**Task directions**
Within the entries below, please retype exactly the lines starting with the line that has "tiled splashback and" and going on through the line that has "Dieses Gutachten (abe)", but not the pictures.

**Material for this task**

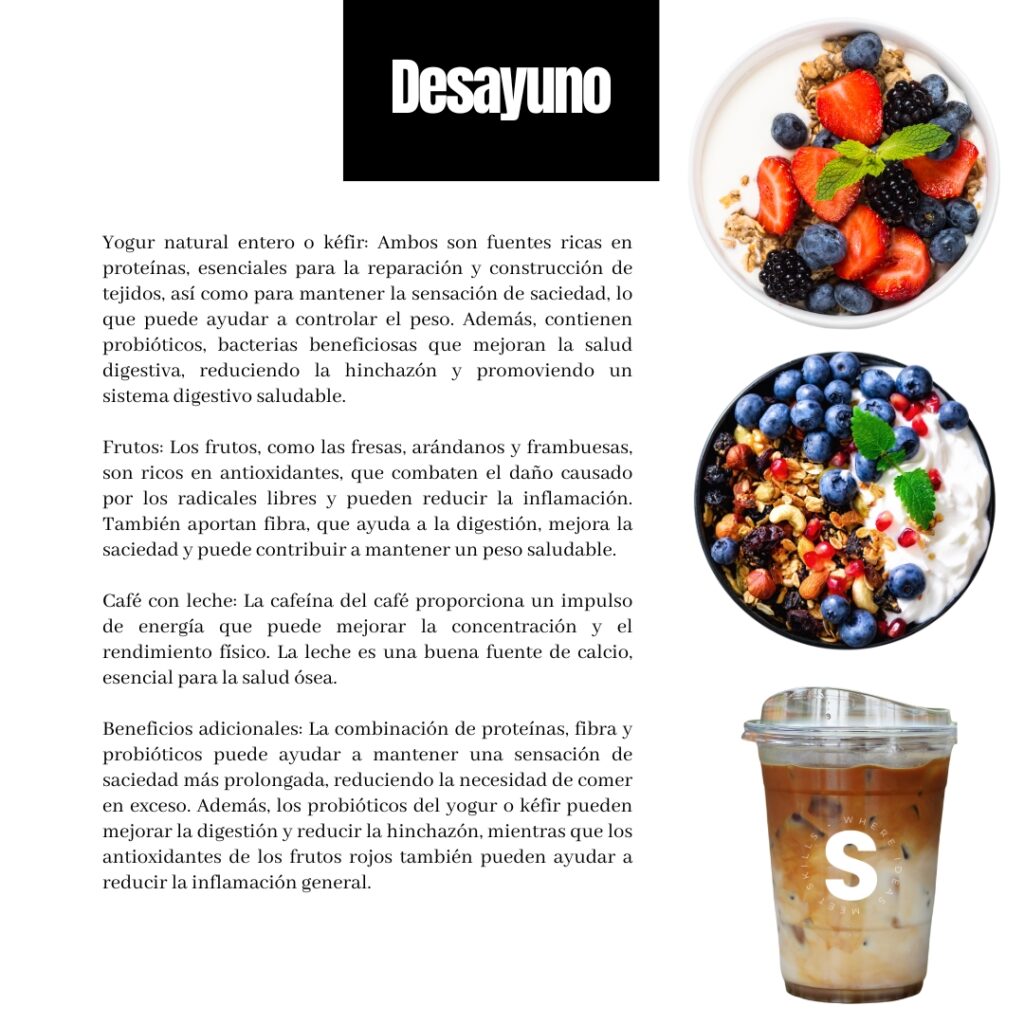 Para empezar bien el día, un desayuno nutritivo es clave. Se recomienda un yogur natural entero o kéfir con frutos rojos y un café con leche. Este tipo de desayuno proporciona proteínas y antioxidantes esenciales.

---

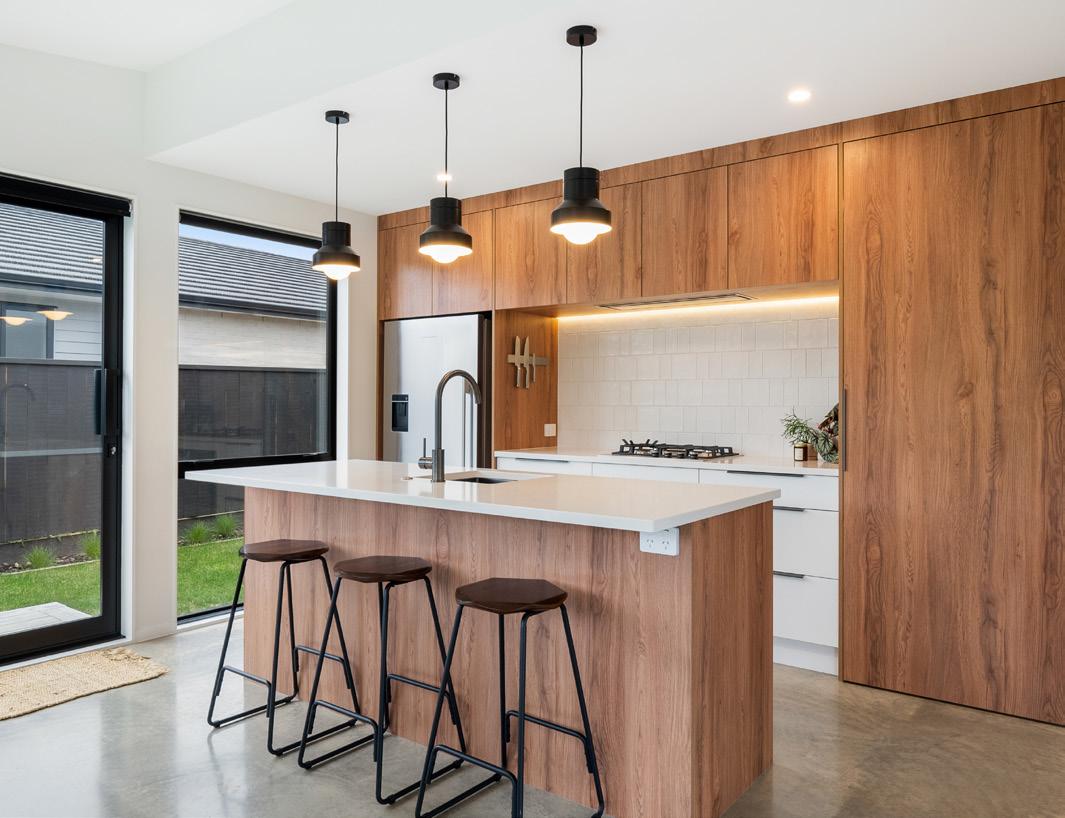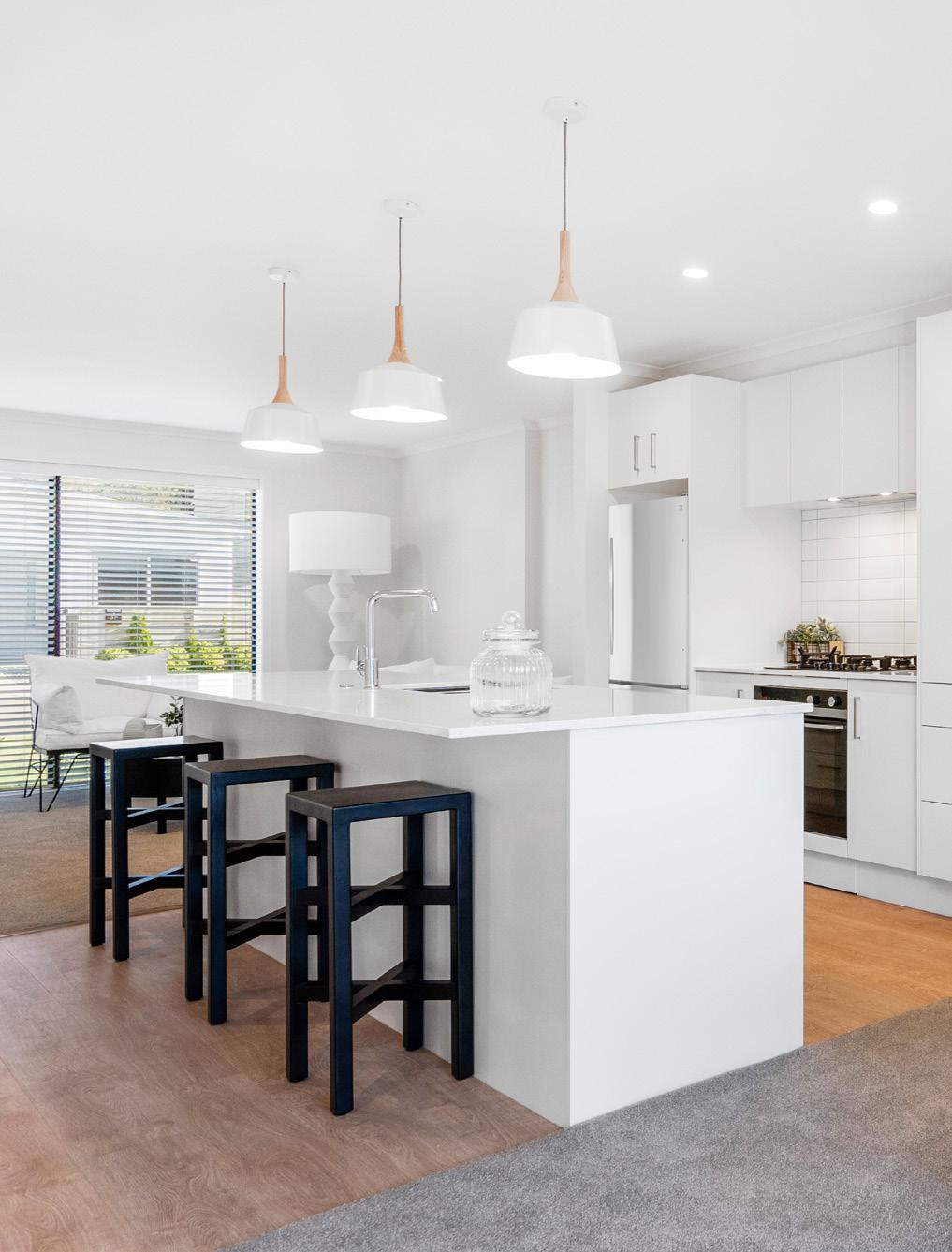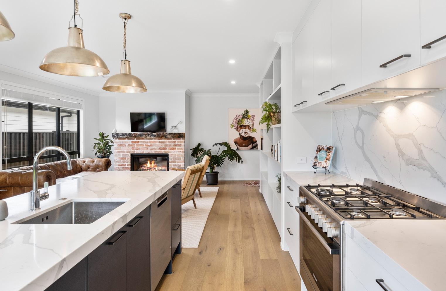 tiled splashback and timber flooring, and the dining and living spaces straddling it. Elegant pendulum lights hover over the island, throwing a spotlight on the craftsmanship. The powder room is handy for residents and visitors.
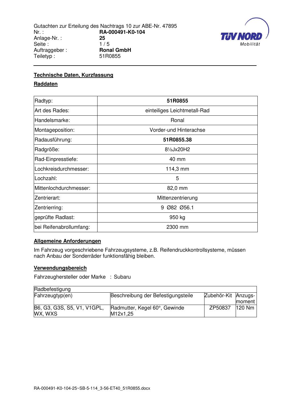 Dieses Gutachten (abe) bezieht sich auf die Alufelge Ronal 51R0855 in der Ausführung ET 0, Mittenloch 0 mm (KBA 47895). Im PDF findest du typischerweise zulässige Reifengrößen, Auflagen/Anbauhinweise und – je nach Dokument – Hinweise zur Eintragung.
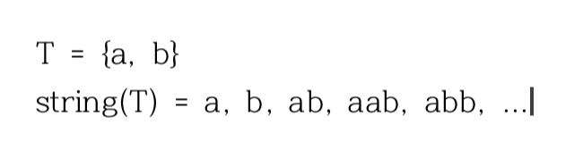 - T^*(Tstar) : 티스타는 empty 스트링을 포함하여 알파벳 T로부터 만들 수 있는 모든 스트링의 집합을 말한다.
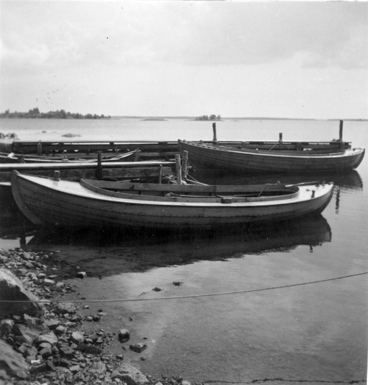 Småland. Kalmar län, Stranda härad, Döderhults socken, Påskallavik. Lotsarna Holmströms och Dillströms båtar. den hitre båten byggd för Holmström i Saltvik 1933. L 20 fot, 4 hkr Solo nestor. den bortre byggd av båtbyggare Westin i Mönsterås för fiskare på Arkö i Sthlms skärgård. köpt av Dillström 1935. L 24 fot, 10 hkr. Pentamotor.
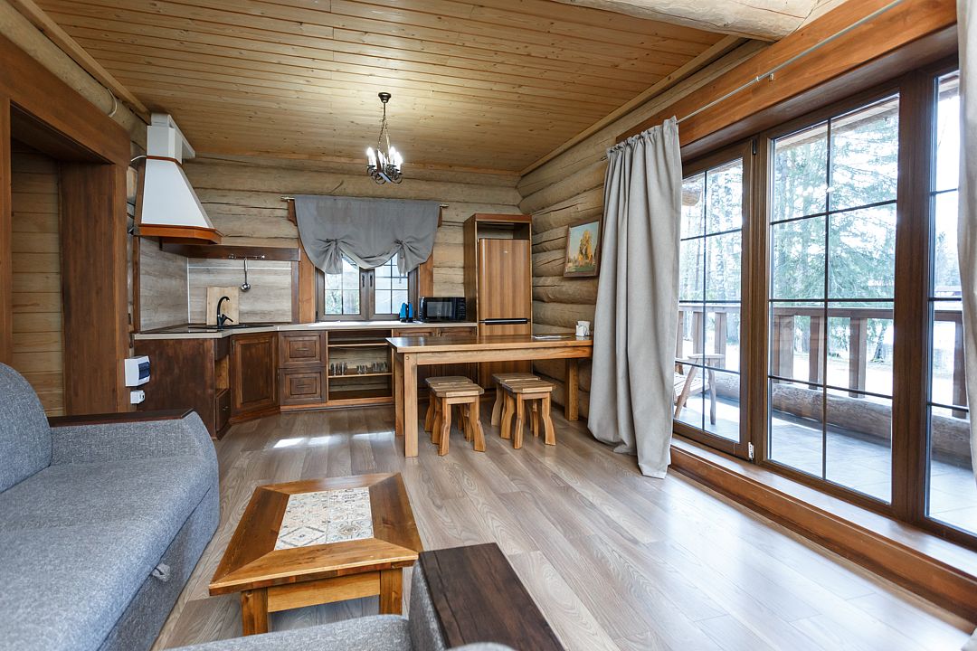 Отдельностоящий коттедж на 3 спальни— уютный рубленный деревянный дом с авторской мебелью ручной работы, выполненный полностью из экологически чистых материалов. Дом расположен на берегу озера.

**Reply**
 tiled splashback and timber flooring, and the dining and living spaces straddling it. Elegant pendulum lights hover over the island, throwing a spotlight on the craftsmanship. The powder room is handy for residents and visitors.
 Dieses Gutachten (abe) bezieht sich auf die Alufelge Ronal 51R0855 in der Ausführung ET 0, Mittenloch 0 mm (KBA 47895). Im PDF findest du typischerweise zulässige Reifengrößen, Auflagen/Anbauhinweise und – je nach Dokument – Hinweise zur Eintragung.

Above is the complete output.